Salí corriendo de los urinarios y me dirigí a la puerta de embarque, frente a la que se apelotonaba aún un buen número de gente, y busqué a Ramón con la mirada entre la masa abigarrada de viajeros. Nada. Entonces le odié, cómo le odié, uno de esos odios de repetición, secos y fulminantes, que tanto abundan en el devenir de la conyugalidad.

– Pero qué cabrón, dónde demonios estará, seguro que se ha ido al free shop a comprar más tabaco, siempre me hace lo mismo, como si no supiera lo nerviosa que me pongo con los viajes -mascullé en tono casi audible.

Y me retiré a un lado de la cola, en un sitio bien visible, depositando las pesadas bolsas en el suelo y esperando desesperadamente su regreso.

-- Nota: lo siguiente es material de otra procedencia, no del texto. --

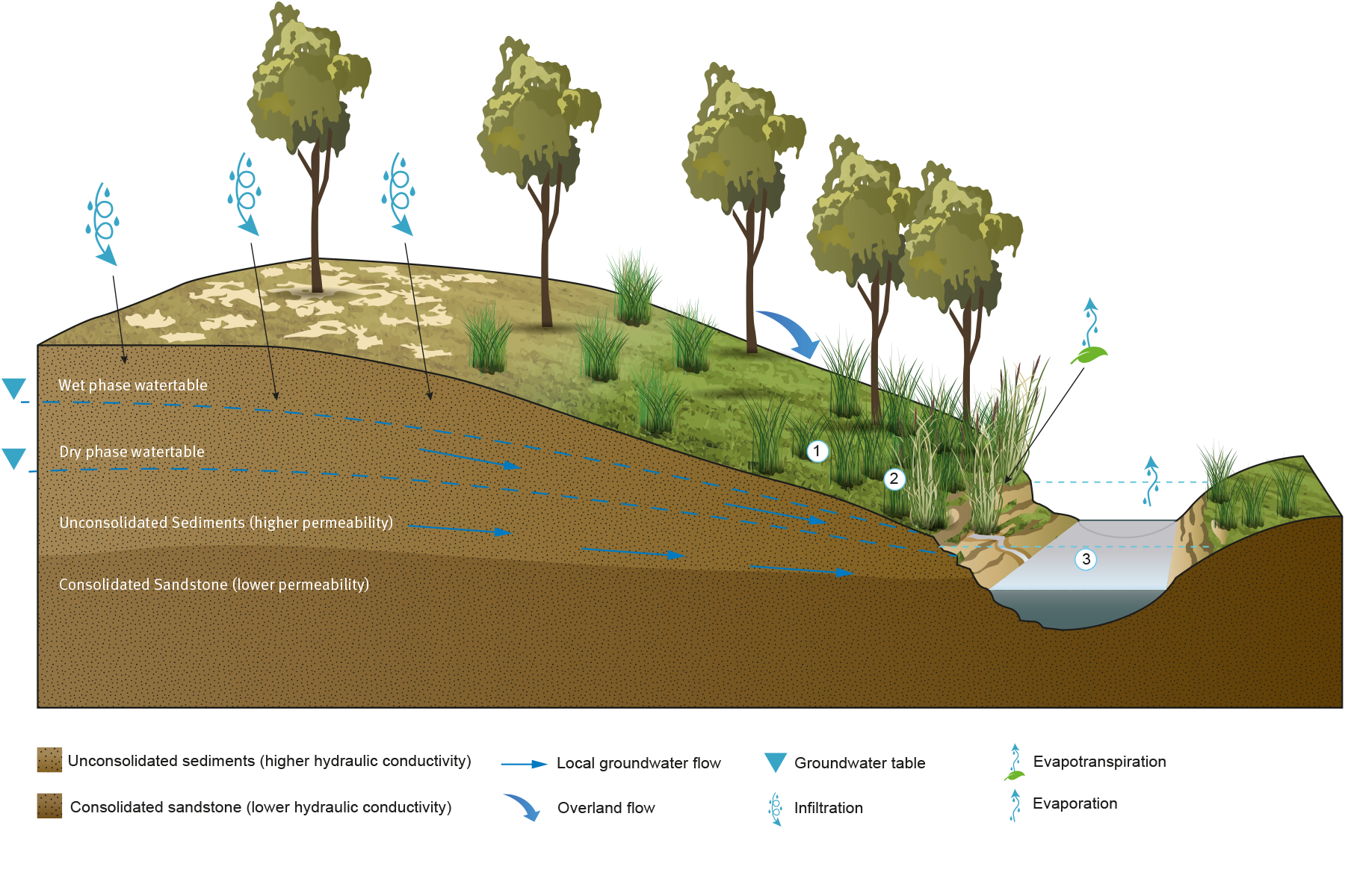 Type 3 wetlands have formed due to dissection of the landscape by riverine processes which results in the watertable being intersected within a sandstone aquifer. This creates zones of groundwater discharge (wetlands) adjacent to, or within permanently or seasonally flowing streams. Three focal zones have been proposed that represent the variability across the wetlands driven by the groundwater regime:

Las horas siguientes fueron de las más amargas de mi vida. Primero el aluvión de pasajeros que se agolpaba ante la puerta fue disminuyendo y disminuyendo de la misma manera, fluida e implacable, con que un reloj de arena vacía su copa, y al rato ya no quedaba nadie frente al mostrador. La empleada de Iberia me dijo que pasara, yo le expliqué que estaba esperando a mi marido, ella me pidió que lo buscara porque el vuelo estaba ya muy retrasado.

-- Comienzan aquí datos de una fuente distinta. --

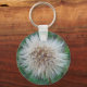 Eine hellbeige, sternförmige, Wildblume vor grünem Hintergrund ist auf diesem Schlüsselanhänger.
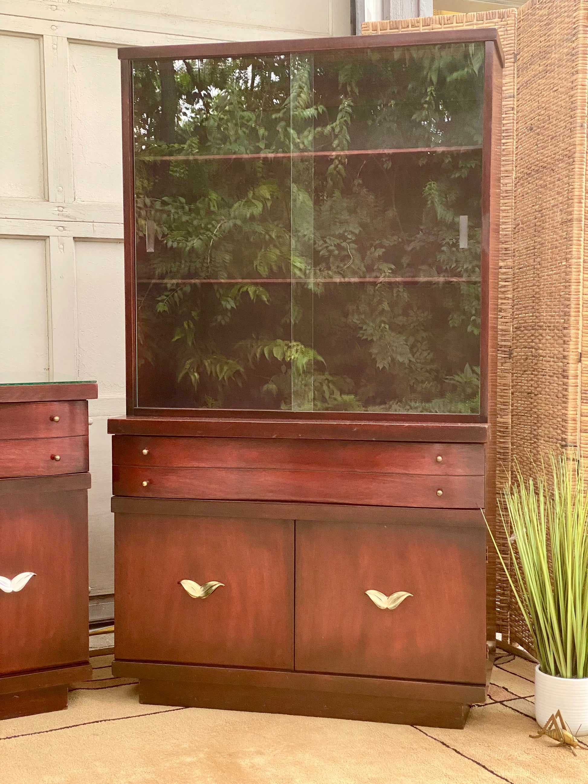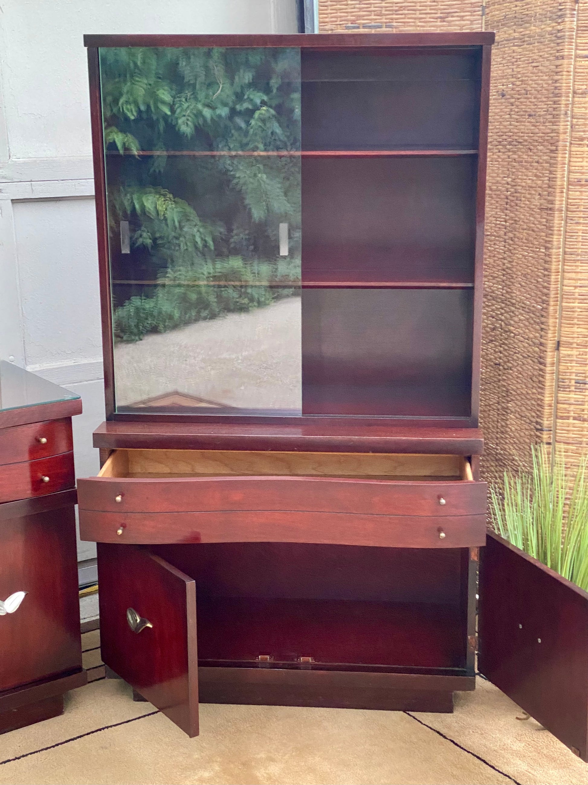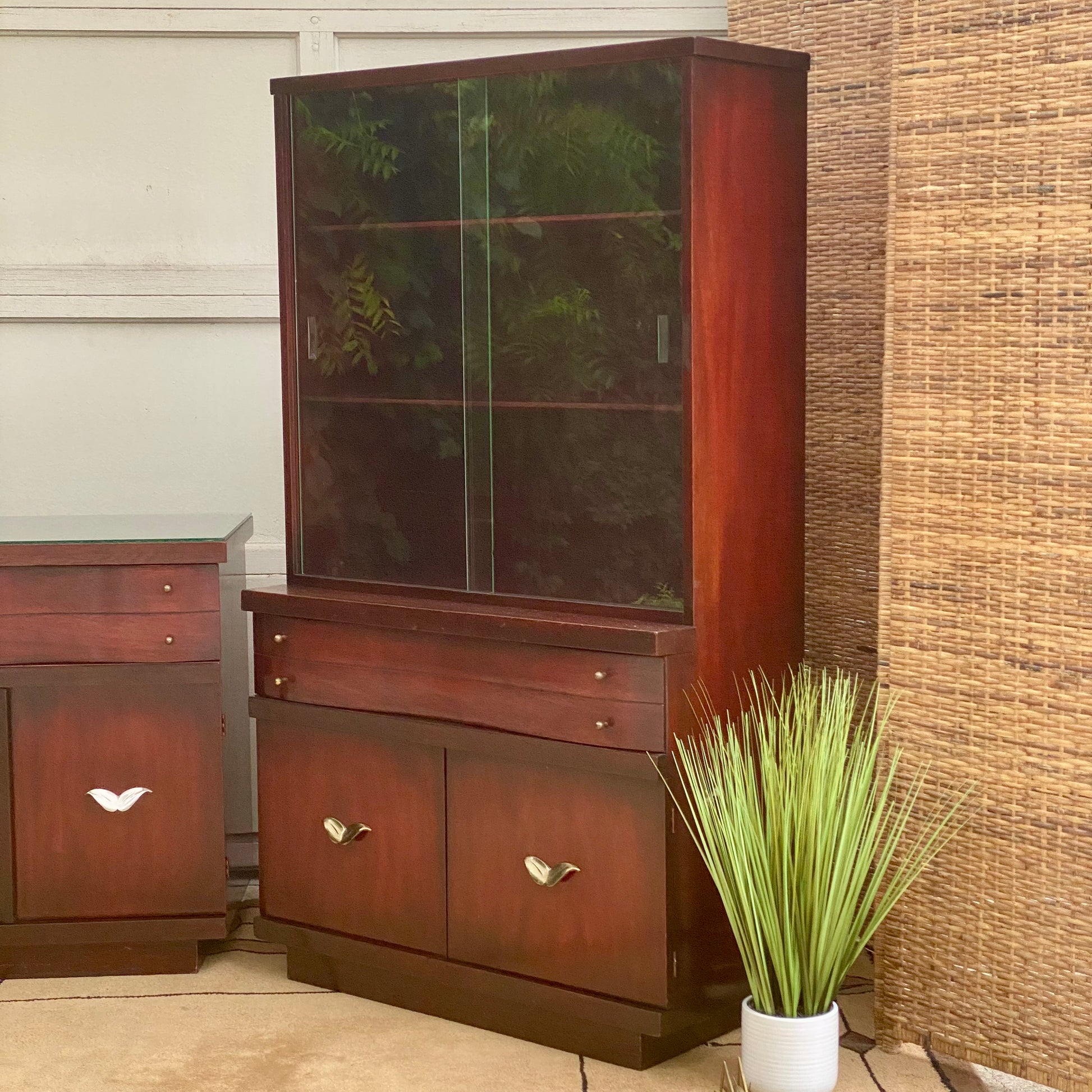 SOLD - Check out this vintage MCM mid century modern glass front hutch. Nice design with lots of storage and original atomic hardware. 64” x 36” x 18” Good condition.

– Sí, claro, buscarlo, pero ¿dónde?-gemí desconsolada.

Y sin embargo lo busqué, dejé las bolsas a la empleada y corrí alocadamente por el aeropuerto, me asomé alfree shop, al bar, a las tiendas, al quiosco de prensa, mientras oía cómo empezaban a llamarle por los altavoces:

«Don Ramón Iruña Díaz, pasajero del vuelo de Iberia 349 con destino Viena, acuda urgentemente a la puerta de embarque B26.»

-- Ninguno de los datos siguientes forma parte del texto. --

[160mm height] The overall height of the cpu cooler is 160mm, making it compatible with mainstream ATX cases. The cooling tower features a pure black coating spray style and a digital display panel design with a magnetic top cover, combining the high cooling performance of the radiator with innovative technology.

Regresé sin aliento y empapada de sudor dentro de mis ropas invernales, con la esperanza de encontrármelo, contrito y con alguna explicación plausible, junto a la puerta. Pero desde lejos pude ver que no estaba. Eso sí, había aumentado el número de empleados de la compañía. Ahora había dos hombres y dos mujeres uniformados.